The Iterative Token Evaluation and Refinement (ITER) framework (Chen et al., 2023) operates in a discrete token space (VQGAN-based) for real-world super-resolution:

ITG is split into two sub-tasks: distortion removal and texture generation. Low-quality images are mapped to “clean” high-quality tokens, then iteratively refined using a discrete diffusion process.
A token evaluation network adaptively determines which parts of the token map should be refined or preserved, enabling variable-length inference and adaptive quality control.
Compared to GANs (difficult to balance losses) or continuous diffusion (requiring hundreds of steps), ITER completes inference in as few as eight iterations, offering training simplicity and substantial efficiency.

This model highlights how ITG can decouple deterministic restoration tasks from stochastic generative texture enhancement for improved perceptual metrics.

6. ITG and Adaptive Depth Scaling

The Inner Thinking Transformer (ITT) (Chen et al., 19 Feb 2025) exemplifies adaptive ITG through:

Token-wise dynamic routing: tokens deemed critical undergo additional iterative “thinking” steps, focusing computational resources where reasoning complexity spikes.
Residual Thinking Connections: instead of one-shot mappings, iterative corrections are accumulated, which stabilize gradient flow and effect exponential error decay:

$x^{(t)} = x^{(t-1)} + \alpha^{(t)} \cdot [f(x^{(t-1)}) \odot \phi^{(t)}]$

Thinking Step Encoding further informs the model as to which phase of reasoning it occupies, supporting differentiated and elastic computation.
Benchmarks show ITT achieves competitive accuracy with significantly smaller models and reduced training data, outperforming standard transformer and loop-based architectures.
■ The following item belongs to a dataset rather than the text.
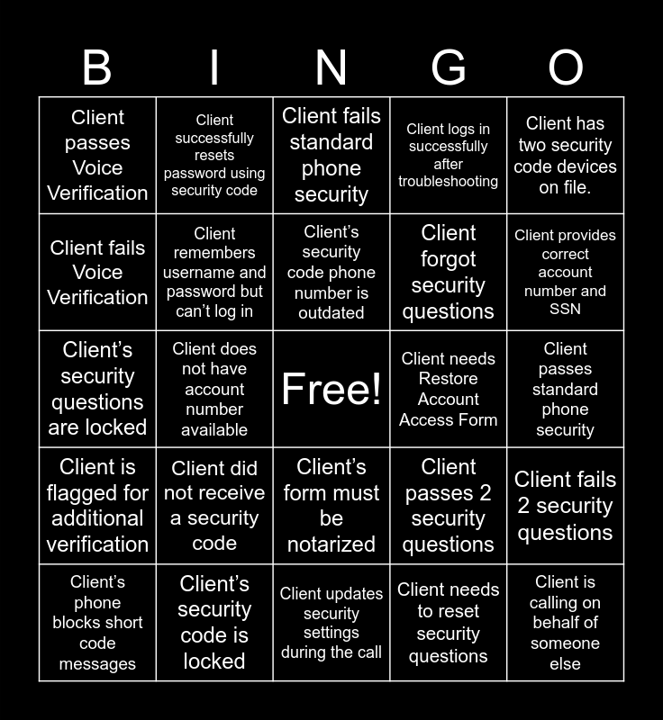 This bingo card has a free space and 24 words: Client did not receive a security code, Client’s security code is locked, Client’s security code phone number is outdated, Client’s phone blocks short code messages, Client has two security code devices on file., Client passes Voice Verification, Client fails Voice Verification, Client successfully resets password using security code, Client needs Restore Account Access Form, Client’s form must be notarized, Client forgot security questions, Client’s security questions are locked, Client passes 2 security questions, Client fails 2 security questions, Client remembers username and password but can’t log in, Client needs to reset security questions, Client passes standard phone security, Client fails standard phone security, Client provides correct account number and SSN, Client does not have account number available, Client is calling on behalf of someone else, Client is flagged for additional verification, Client logs in successfully after troubleshooting and Client updates security settings during the call.

ITT is thus a direct architectural application of ITG, offering parameter-efficient, problem-adaptive refinement.

7. Misconceptions and Caveats: ITG Trace Length vs. Problem Complexity

Empirical analysis (Palod et al., 9 Sep 2025) critically evaluates whether intermediate token sequence length correlates with problem difficulty:

Models trained to output derivational traces (e.g., step logs of A* search) do not reliably produce trace lengths reflective of computational complexity.
Even on trivial problems, sequence length can be excessive, and solution generation may fail. When problems are similar to the training distribution, trace length weakly mimics ground-truth trace length, but correlation vanishes for out-of-distribution inputs.
The trace length is mediated more by distributional recall rather than real-time problem-adaptive computation.
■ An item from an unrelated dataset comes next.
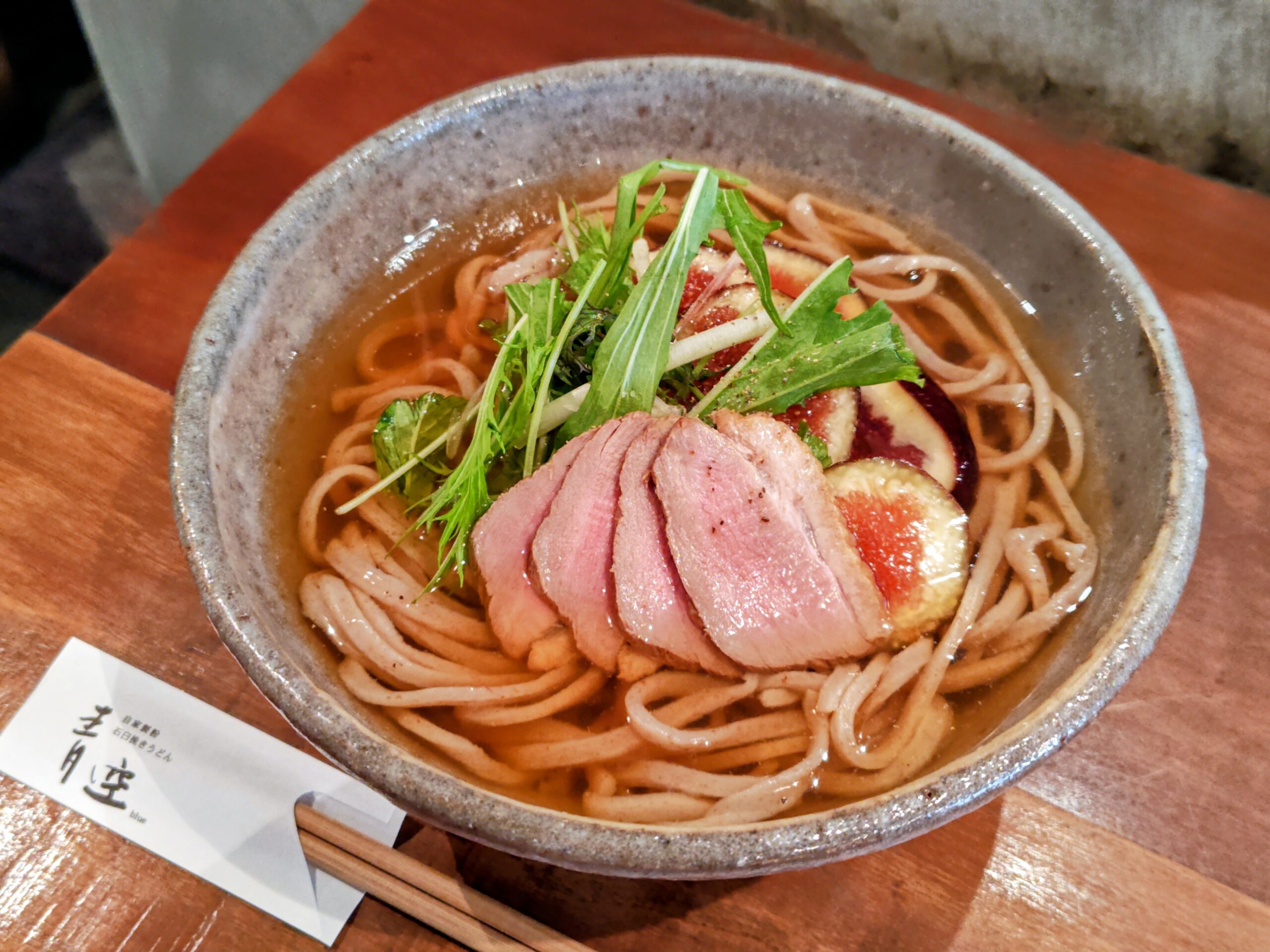いちじくと鴨ハムの冷かけうどん1,600円なり。

This evidence challenges the assumption in the field that longer ITG trace lengths equate to increased "thinking effort" or adaptive computation, cautioning against anthropomorphizing such mechanisms.
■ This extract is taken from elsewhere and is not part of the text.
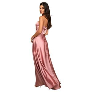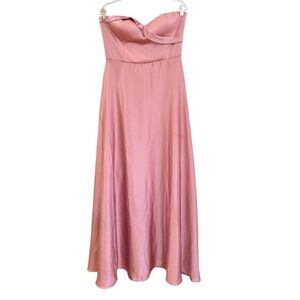 NWT Lulus Real Romantic Light Rose Satin Strapless Maxi Dress Size L

Summary Table: ITG Mechanisms Across Domains

Domain	ITG Role	Key Properties / Findings
Score-based Generative	Loss at intermediate SDE steps	Enhanced diversity, sample complexity bounds
Motion Synthesis	Manifold-constrained token generation	Increased accuracy, continuity, avoids local minima
LLM Inference	Layerwise decoding, dynamic exit	Up to 46% compute savings, maintains output quality
Image Super-resolution	Discrete iterative token refinement	Training simplicity, inference within 8 steps
Reasoning/Trace Models	Chain-of-thought sequence generation	Trace length ≠ problem complexity, ties to training
Transformer Architectures	Adaptive depth, residual refining	Error decay, stable learning, parameter efficiency

Intermediate Token Generation now forms a key axis of methodological advancement in generative modeling, efficient inference, and adaptive reasoning architectures. Its practical benefits depend critically on implementation modality, integration with model architecture, and attention to distributional effects. Critically, assumptions relating ITG sequence properties with underlying problem complexity or "reasoning effort" should be empirically validated rather than presumed.